The effect is that metals such as (OH) ₂ can also be removed. Therefore, the method of the present invention can be used to treat organic wastewater, especially wastewater containing persistent COD, and is therefore effective in rubber landfill wastewater treatment, which also requires hardness treatment and nitrogen removal.

[Brief explanation of drawings]

FIG. 1 is a process diagram of the method of the present invention, FIG. 2 is a diagram showing the relationship between aeration time and residual H ₂ O ₂ amount, and FIG. 3 is a process diagram of the conventional wastewater treatment method.

Claims (1)

[Scope of Claims] 1. Add acid, hydrogen peroxide and ferrous sulfate to COD-containing wastewater and stir to bring the pH to 3.5 or less.
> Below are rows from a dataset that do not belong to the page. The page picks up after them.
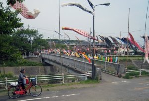 In any case, just after work I rode along Tamagawa and Asakawa looking for some distractions. Boy’s day is close by and carp streamers (koinobori) are everywhere to be found. I saw a very nice example along the Asakawa close to Hachioji. There was an even better one at Kosuge [Matsuhime] some weeks ago, but I didn’t took a photo.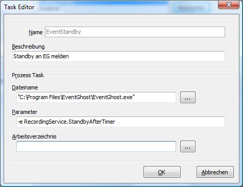 Um einen automatischen Standby nach Aufnahmen zu verhindern, wenn andere Programme (z. B. XBMC) aktiv sind, habe ich mir ganz schlau ausgedacht ( ;) ) diese Information dem EventGhost per -e Event zukommen zu lassen. Also ganz flink eine Aufgabe gebastelt, die diesen Aufruf wie im anhängenden Screenshot durchführen soll (ich habe es mit und ohne Anführungszeichen versucht)... leider schaffe ich es nicht, dass diese Aufgabe auch ausgeführt wird.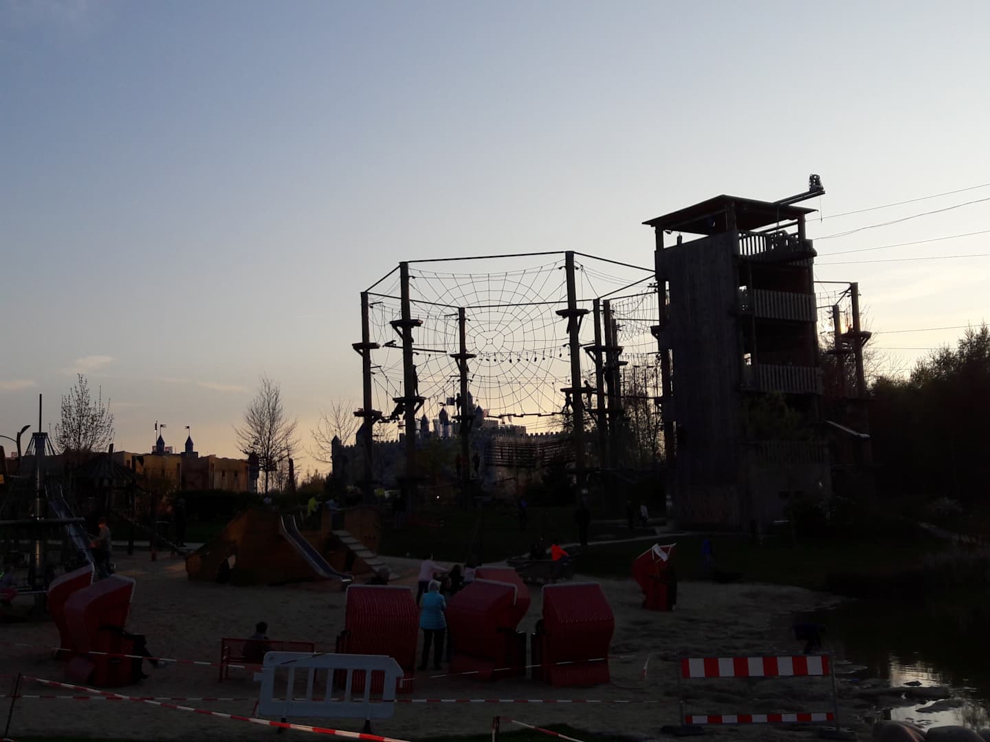 Spielplatz mit Sandstrand beim Teich und Klettergarten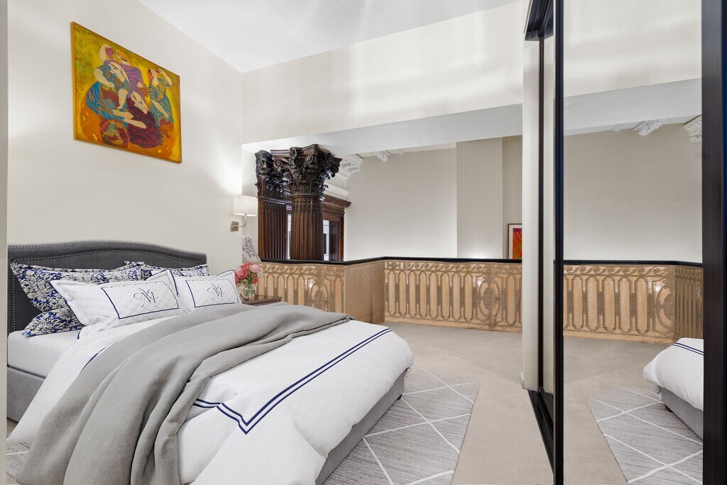 Make your stay in New York City memorable—and exceptional. Across the street from Bryant Park is one of the rarely available luxurious residences at Bryant Park Place, a historic neo-renaissance building originally built in 1907 as The Engineers’ Club, listed in 2007 with the National Register of Historic Places, and designated a landmark in 2011. The furnished offering is a stunning 5-room duplex, that was originally part of the Club’s ballroom. Enter into a magnificent parlor, adorned with artfully-restored wood Corinthian columns that soar 20 feet. The distinctive charm, warmth and serenity of this meticulously preserved space cannot be overstated. Adjoining the parlor is a dining room partitioned off by sliding glass doors, and a bedroom/study flanked by 3 large windows lit from the South and West. Between these two rooms is a voluminous custom closet. The full bathroom downstairs is outfitted with sea green glass tiles, cream-toned ceramic floors, a custom full height linen closet, and a glass-enclosed 4-jet spa shower. Original expansive mirrored door frames lead to a generously sized windowed chef's kitchen, with tall light oak cabinets, granite countertops, a Viking stove, a stainless steel Miele dishwasher, and a Whirlpool refrigerator. Ascend to the primary bedroom in the loft upstairs, complete with a triple sized custom closet, and an en-suite bathroom, featuring a deep soaking tub with rain shower fixtures, custom vanity, and a Toto Washlet bidet. Hardwood floors, abundant built-in storage under the staircase, and tasteful furnishings throughout complete the offering. Bryant Park Place features extraordinary prewar details in the grand marble lobby and offers its residents first-class service. Amenities include a 24-hour doorman, a live-in resident manager, a full-size laundry room, and bike storage. This prime location boasts access to Michelin restaurants, museums, cafes, theater, all subway lines, Grand Central, Metro-North, LIRR and New Jersey Transit, a Whole Foods supermarket, the New York Public Library, CitiBike, Lincoln Tunnel to Newark and the Queens-Midtown Tunnel to JFK, and naturally, all the delights of Bryant Park. Fees include: -$500 Co-Op Review Fee (non-refundable) -$750 Move-In Deposit (refundable) -$750 Move-In Fee (non-refundable) -$500 Processing Fee (non-refundable) -$300 Rush Interview Fee (should a Rush Interview be scheduled) (non-refundable) Plus, standard Domecile fees: $120 Initiation, $65 Digital, 5% App Processing. Rental Terms: Monthly: $7,000

After the Fuenton treatment, add alkali to bring the pH to 10 or more. A method for treating COD-containing wastewater, which is characterized by transferring adjusted water to an aeration tank, aerating it, and then separating it into sludge and supernatant water by sedimentation. 2. The method for treating COD-containing wastewater according to claim 1, wherein the aeration amount is 0.3 to 1.5 m ³ /Hr, the aeration time is 1 to 2 hours in a m ³ aeration tank. 3. According to claim 1 or 2, the pH of wastewater after Fuenton treatment is 10.5 to 12.
Treatment method for COD-containing wastewater.